▶ REQUIRED ACTION: Leaving out the images, please reproduce each line below exactly.

▶ MATERIAL PROVIDED:
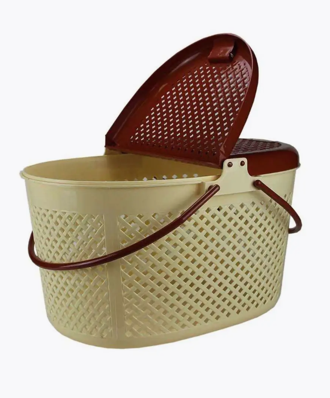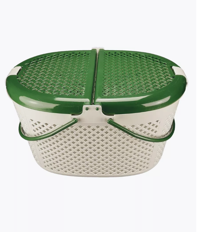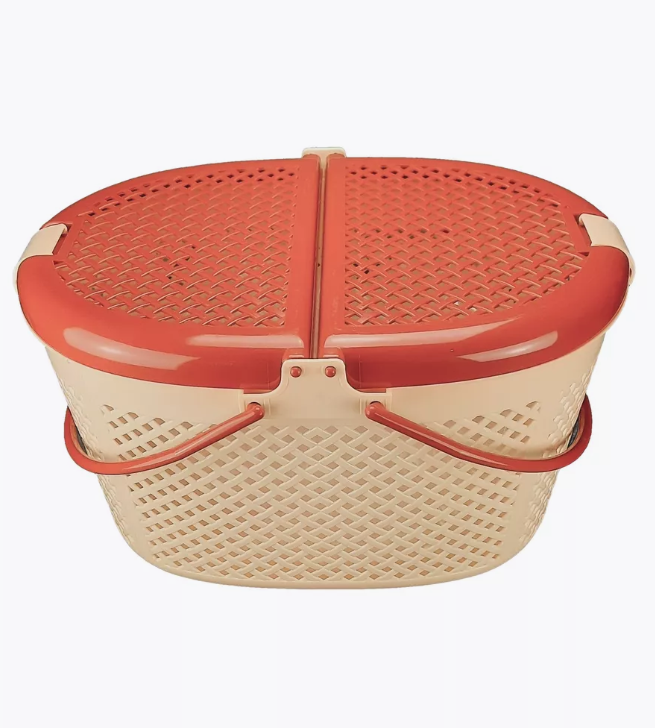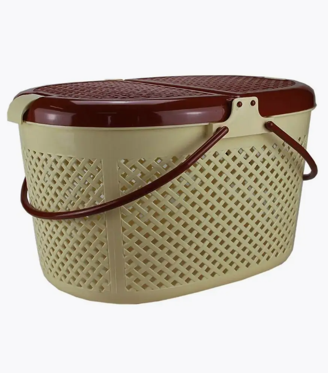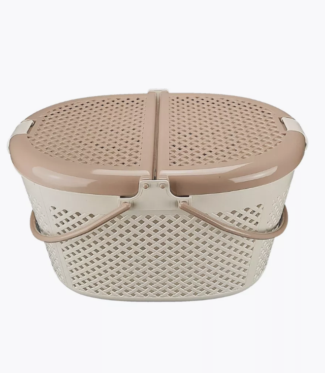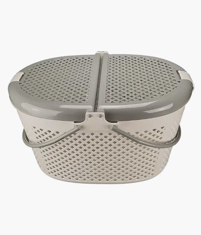 Корзинка изготовлена из плотного нетоксичного пластика в овальной форме. По всему корпусу переноски сделаны квадратные отверстия для вентиляции. Переноска открывается сверху. Крышка корзинки-переноски открывается в виде книги и имеет надежные защелки. Для удобства сделаны две круглые ручки.
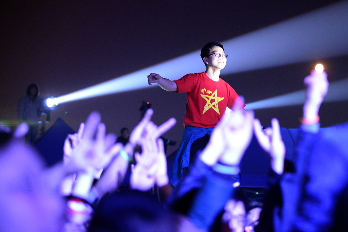 | ... trước khi hàng ngàn khán giả đứng nghiêm trang, đặt tay lên trái tim và hòa mình vào giai điệu Quốc ca khi nhóm Ngũ cung thể hiện ca khúc Gió bấc. |
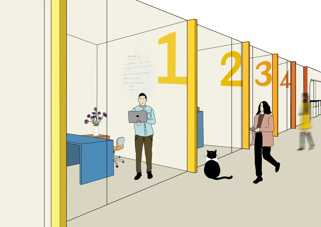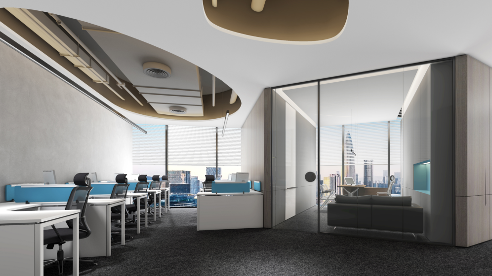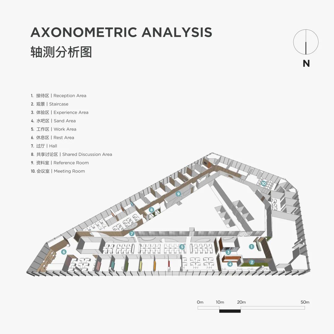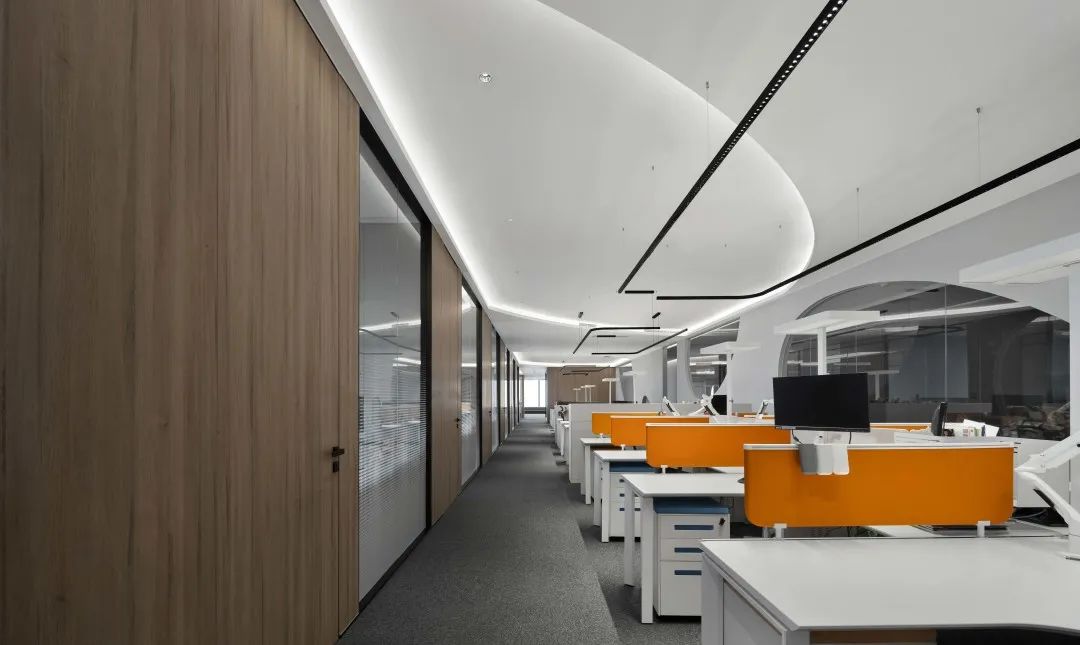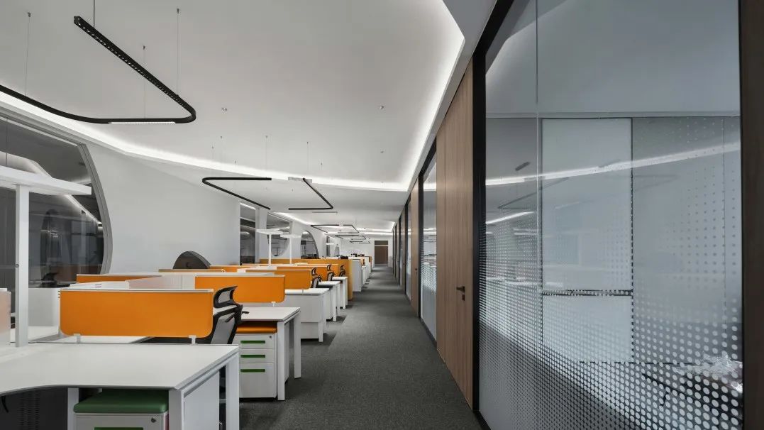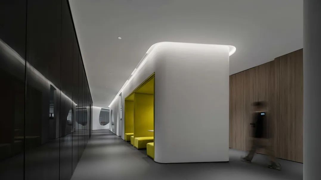 提及游乐公园,首先浮现在脑海中的印象里想来过山车必有一席之地。以此为意象,过山车起伏的轨道转化为部门空间与过道间墙体上的弧线,线条勾勒出的范围以玻璃填充,点缀之余也让空间的体量感更加明晰,各个区域间的视觉得以贯通。

▶ EXPECTED ANSWER:
 Корзинка изготовлена из плотного нетоксичного пластика в овальной форме. По всему корпусу переноски сделаны квадратные отверстия для вентиляции. Переноска открывается сверху. Крышка корзинки-переноски открывается в виде книги и имеет надежные защелки. Для удобства сделаны две круглые ручки.
 | ... trước khi hàng ngàn khán giả đứng nghiêm trang, đặt tay lên trái tim và hòa mình vào giai điệu Quốc ca khi nhóm Ngũ cung thể hiện ca khúc Gió bấc. |
 提及游乐公园,首先浮现在脑海中的印象里想来过山车必有一席之地。以此为意象,过山车起伏的轨道转化为部门空间与过道间墙体上的弧线,线条勾勒出的范围以玻璃填充,点缀之余也让空间的体量感更加明晰,各个区域间的视觉得以贯通。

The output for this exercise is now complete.